**Data extract**

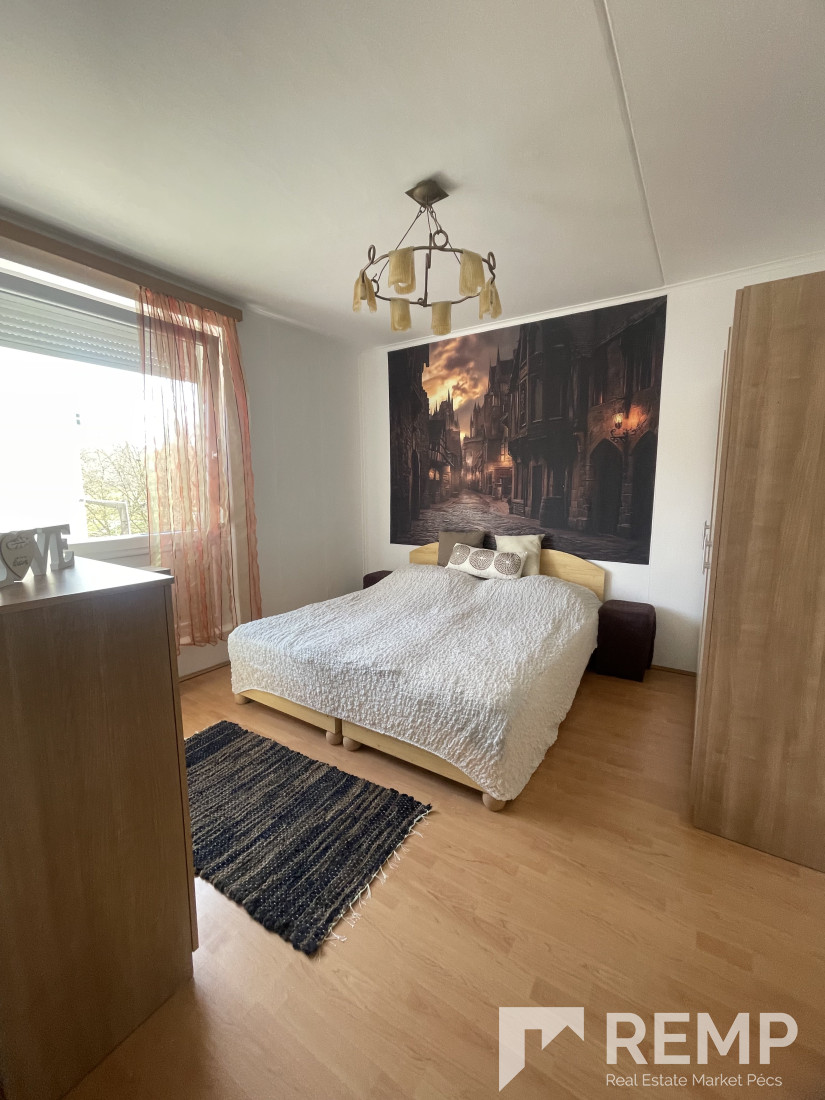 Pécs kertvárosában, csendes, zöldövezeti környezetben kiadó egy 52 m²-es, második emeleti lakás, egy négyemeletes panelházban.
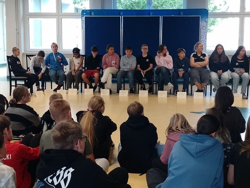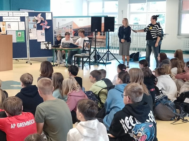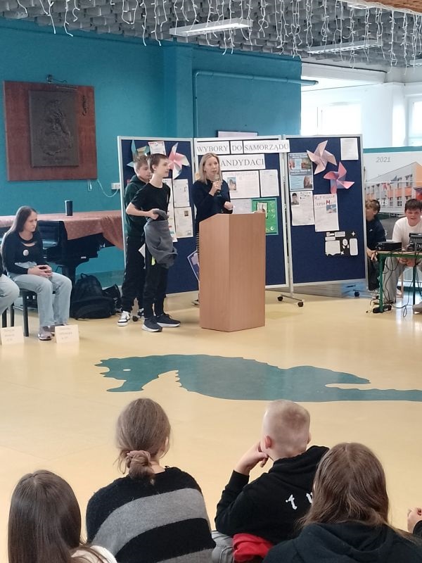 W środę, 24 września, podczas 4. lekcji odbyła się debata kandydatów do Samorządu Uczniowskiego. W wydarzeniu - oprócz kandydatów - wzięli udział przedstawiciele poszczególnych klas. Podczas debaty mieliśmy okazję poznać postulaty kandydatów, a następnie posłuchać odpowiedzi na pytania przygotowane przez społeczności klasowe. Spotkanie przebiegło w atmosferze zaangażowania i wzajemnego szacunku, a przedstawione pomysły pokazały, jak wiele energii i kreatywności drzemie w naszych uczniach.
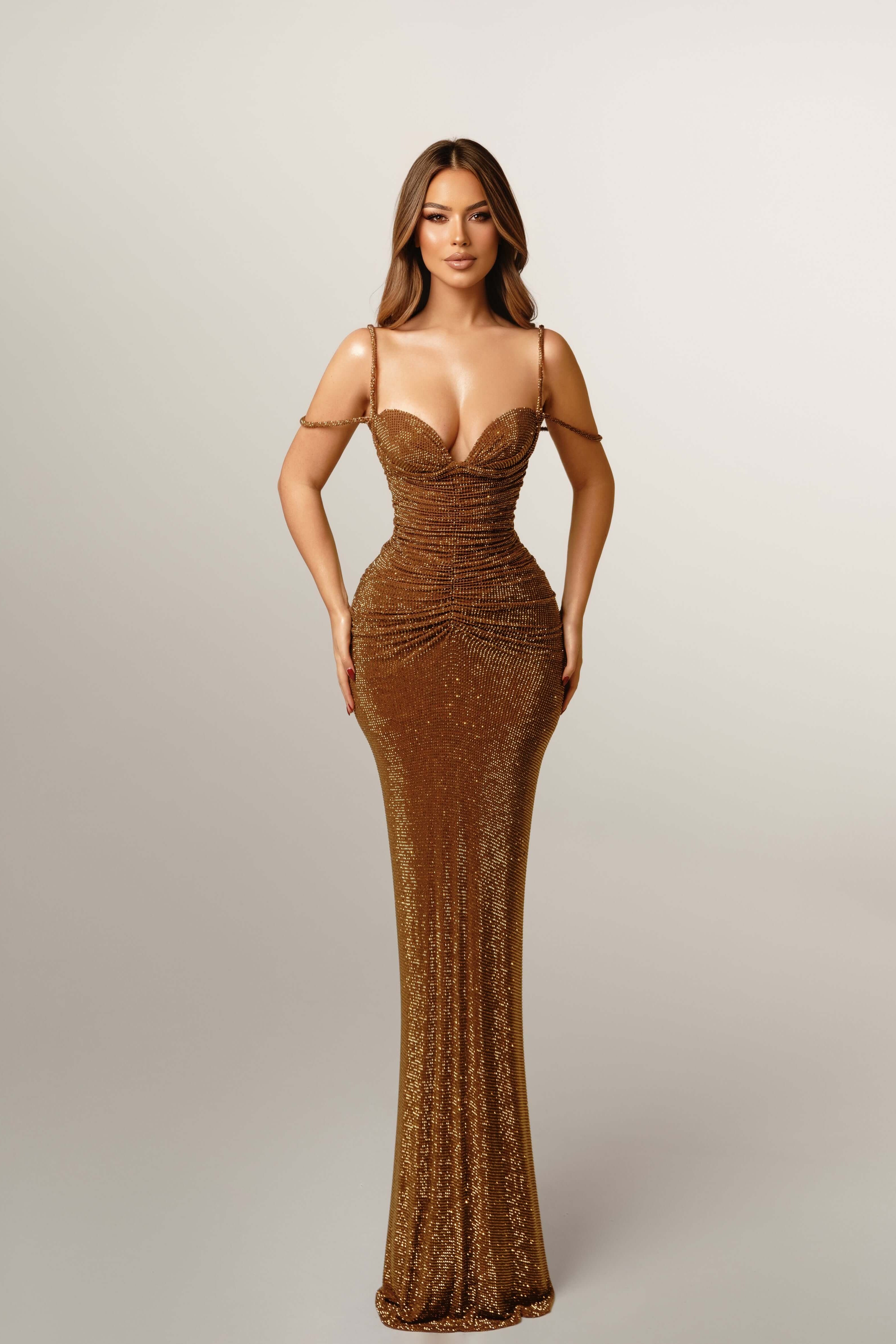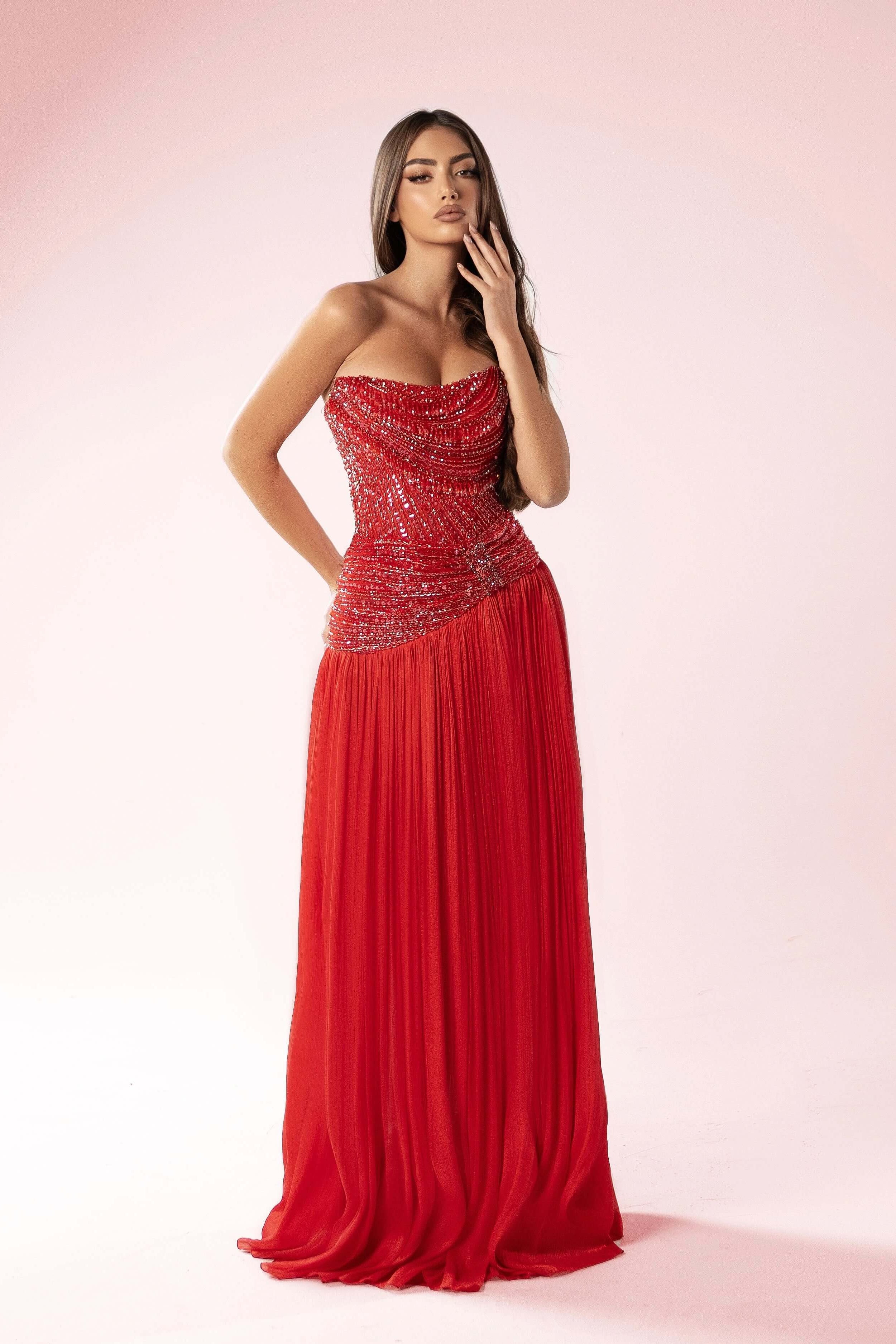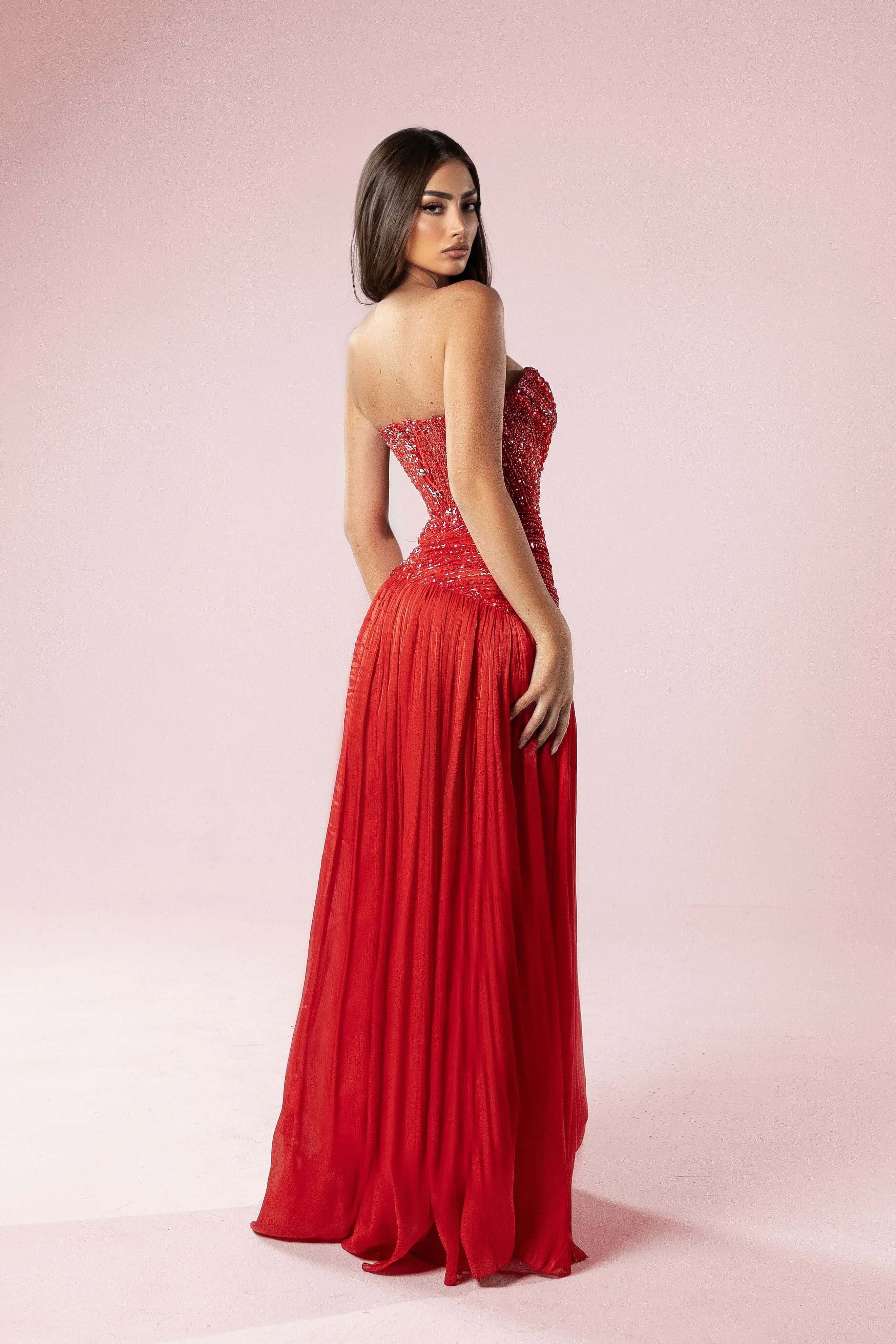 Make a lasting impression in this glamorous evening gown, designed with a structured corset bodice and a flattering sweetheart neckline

**Work instruction**
Retype the listing verbatim, minus every image.

**Answer to the problem**
 Pécs kertvárosában, csendes, zöldövezeti környezetben kiadó egy 52 m²-es, második emeleti lakás, egy négyemeletes panelházban.
 W środę, 24 września, podczas 4. lekcji odbyła się debata kandydatów do Samorządu Uczniowskiego. W wydarzeniu - oprócz kandydatów - wzięli udział przedstawiciele poszczególnych klas. Podczas debaty mieliśmy okazję poznać postulaty kandydatów, a następnie posłuchać odpowiedzi na pytania przygotowane przez społeczności klasowe. Spotkanie przebiegło w atmosferze zaangażowania i wzajemnego szacunku, a przedstawione pomysły pokazały, jak wiele energii i kreatywności drzemie w naszych uczniach.
 Make a lasting impression in this glamorous evening gown, designed with a structured corset bodice and a flattering sweetheart neckline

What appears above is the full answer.